La tragedia della frana che ha provocato più di 100 vittime nei pressi di una miniera di giada della Birmania settentrionale ci ricorda che, qualche giorno prima (5 novembre 2015) anche il sud est del Brasile era stato colpito da un disastro innaturale. Qualcun lo ha paragonato allo tsunami giapponese, non tanto per il numero di vittime, quanto per la possibile contaminazione di una vasta area. Il villaggio di Bento Rodrigues a Mariana, cittadina nello stato di di Minas Gerais sul rio Doce, è stato investito da un muro di fango, melma, residui minerali e rifiuti tossici, in seguito al crollo di due dighe che invasavano le acque reflue di lavorazione mineraria. Poiché l’inquinamento si è propagato a valle con potenziali effetti disastrosi, la presidente Dilma Rousseff, senza tema per l’iperbole, ha equiparato il disastro alla catastrofe ambientale del Golfo del Messico, causato dall’incidente sulla piattaforma petrolifera della British Petroleum.
Questo evento richiama alla memoria quanto accadde in Italia a Stava nel 1985. Se si considera la casistica dei disastri causati da rottura di dighe o, come nel caso del Vajont, da frane dei versanti nell’invaso, quello di Stava fu un evento minore sotto il profilo statistico. Ma fu tragico nel suo impatto. Non era una grande diga, bensì un piccolo serbatoio montano a uso industriale: il bacino di decantazione della miniera di fluorite del monte Prestavel in Trentino. La rottura degli argini scaricò quasi duecentomila metri cubi di acqua e fango sull’abitato di Stava, uccidendo 268 persone.
Vari studiosi affermarono che la semplice osservazione della morfologia della località su cui sorgevano i bacini di decantazione della miniera avrebbe dovuto sconsigliare la loro costruzione in quel particolare sito. Tra le cause del disastro fu anche accertata la cronica instabilità degli argini in terra, che non avevano i coefficienti di sicurezza minimi necessari a evitare la frana, e ci fu la condanna di una decina di imputati. Erano tecnici e dirigenti della società mineraria, ma anche tecnici pubblici che avevano omesso i controlli sulle discariche. E fu riconosciuta la responsabilità civile sia delle aziende private, sia dell’ente pubblico al fine del rimborso dei danni.

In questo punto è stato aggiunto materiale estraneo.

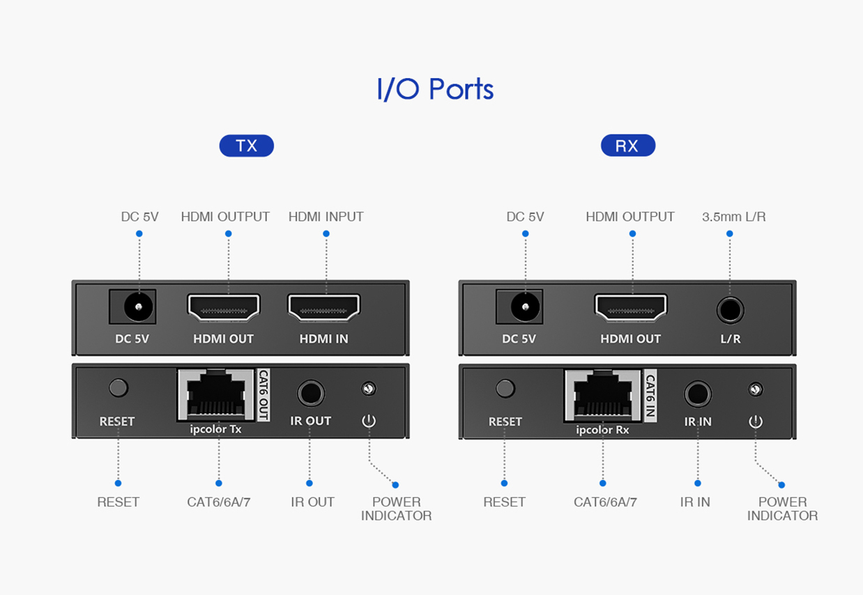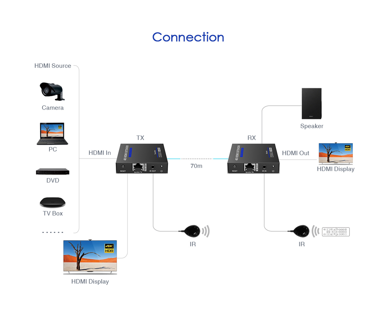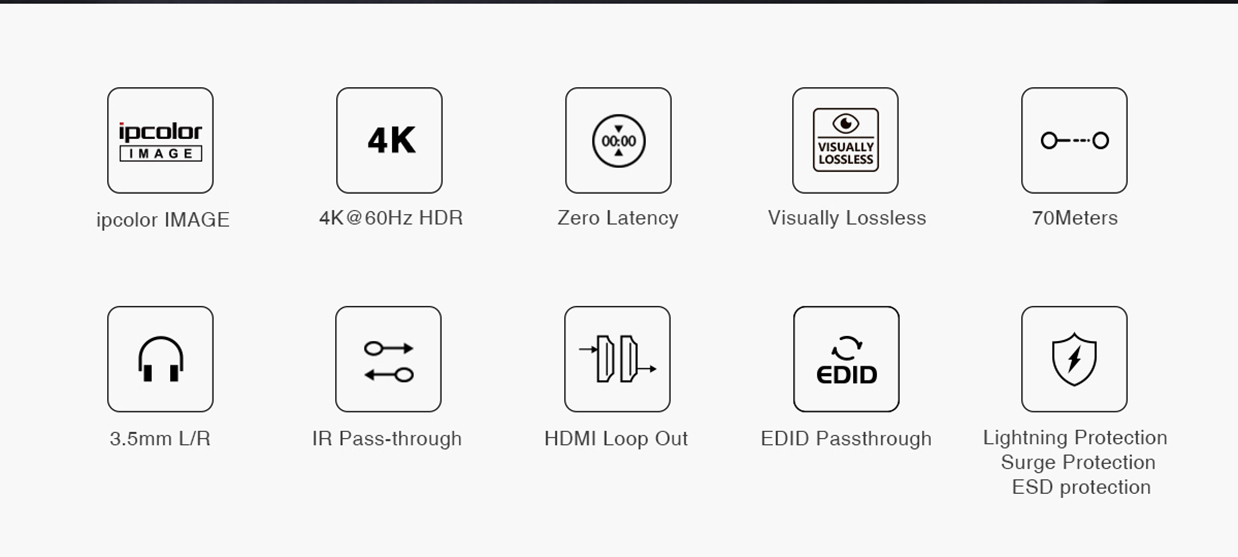 4K@60Hz HDMI Extender over CAT6/CAT6a/Cat7 Ethernet Cable – 4K 60Hz up to 230ft (70m) – Point to Point Extender – iPcolor Image – Zero Latency – 3.5mm Audio – Includes HDMI Transmitter and Receiver (Kit) – Supports IR pass-through – HDCP 2.2, EDID, HDR, YUV4:4:4 – HDMI 2.0 Extender over CAT6/CAT6a/Cat7 Ethernet – One UL power supply – No Software/drivers required – Metal housing Includes built-on mounting brackets – Black

In seguito al disastro di Stava fu introdotta la prima norma, in materia di dighe, a fini di protezione civile, ossia la conduzione di studi delle aree soggette ad allagamento per tutte le opere di ritenuta già esistenti sul territorio nazionale, a seguito dell’ipotetico collasso dello sbarramento. Le mappe delle aree a rischio in caso di ‘dam failure’ furono costruite all’inizio degli anni ’90, giocoforza in modo rudimentale e poco preciso a causa del dettaglio grossolano dei mezzi cartografici digitali che si potevano utilizzare all’epoca e, quindi, dei modelli matematici allora disponibili. Queste mappe sono comunque utili e vengono custodite in Protezione Civile e nelle Prefetture, ma non sono del tutto sicuro che i Piani di Protezione Civile dei comuni italiani ne tengano sempre conto, né ho mai incontrato accenni alla loro esistenza nei ponderosi documenti dei Piani di Bacino, che dovrebbero associare alla pericolosità anche l’esposizione e la vulnerabilità dei territori a rischio.
E non è ancora chiaro, dopo quattro anni, quanto farà sul campo il decreto ‘Salva Italia’ del dicembre 2011 che aveva legiferato in merito alle questioni di sicurezza ed efficienza delle dighe italiane. Le quasi seicento grandi dighe italiane sono assai vetuste poiché hanno in media una sessantina d’anni e ce ne sono alcune, molto antiche, che giacciono inutilizzate e abbandonate. Singolare che tutta la faccenda fosse trattata nell’articolo 43 del decreto ‘Salva Italia’ sotto il criptico titolo di ‘Alleggerimento e semplificazione delle procedure, riduzione dei costi e altre misure’. Ma i legislatori italiani non hanno mai ceduto alla tentazione della comprensibilità e all’immediatezza, sirene alle quali solo i padri costituenti non seppero resistere.